PROMPT. When you reach the line holding "シャーリング トップス シャツ" in the material below, return that line and each one after it, word for word, with the pictures dropped.

DATA PROVIDED.

<<<<

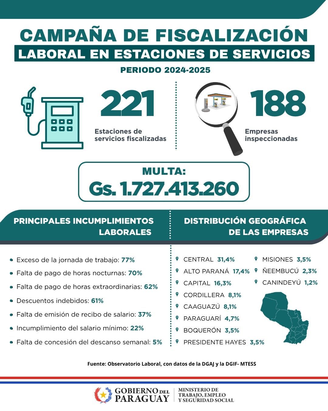 El Ministerio de Trabajo, Empleo y Seguridad Social (MTESS) desplegó una campaña intensiva de fiscalización en estaciones de servicio a nivel país durante el periodo 2024–2025, con un total de 221 establecimientos inspeccionados, correspondientes a 188 empresas.
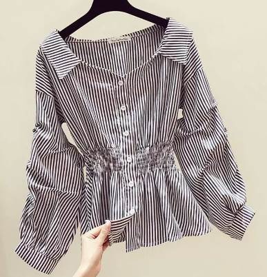 シャーリング トップス シャツ 長袖 ボリューム袖 Vネック 襟付き フレア ウエストマーク かわいい きれいめ シンプル カジュアル 大人 上品 おしゃれ モダン 存在感 ストライプ 春 秋 無地
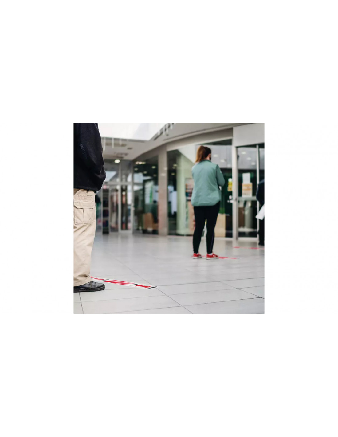 W czasie pandemii koronawirusa bardzo istotne jest zachowywanie dystansu społecznego. Ułatwia to nasza biało-czerwona taśma dystansująca, umożliwiająca szybkie i proste znakowanie podłóg. Napis na taśmie przypomina o konieczności zachowania dystansu 1,5 m.

>>>>

ANSWER SPACE.
 シャーリング トップス シャツ 長袖 ボリューム袖 Vネック 襟付き フレア ウエストマーク かわいい きれいめ シンプル カジュアル 大人 上品 おしゃれ モダン 存在感 ストライプ 春 秋 無地
 W czasie pandemii koronawirusa bardzo istotne jest zachowywanie dystansu społecznego. Ułatwia to nasza biało-czerwona taśma dystansująca, umożliwiająca szybkie i proste znakowanie podłóg. Napis na taśmie przypomina o konieczności zachowania dystansu 1,5 m.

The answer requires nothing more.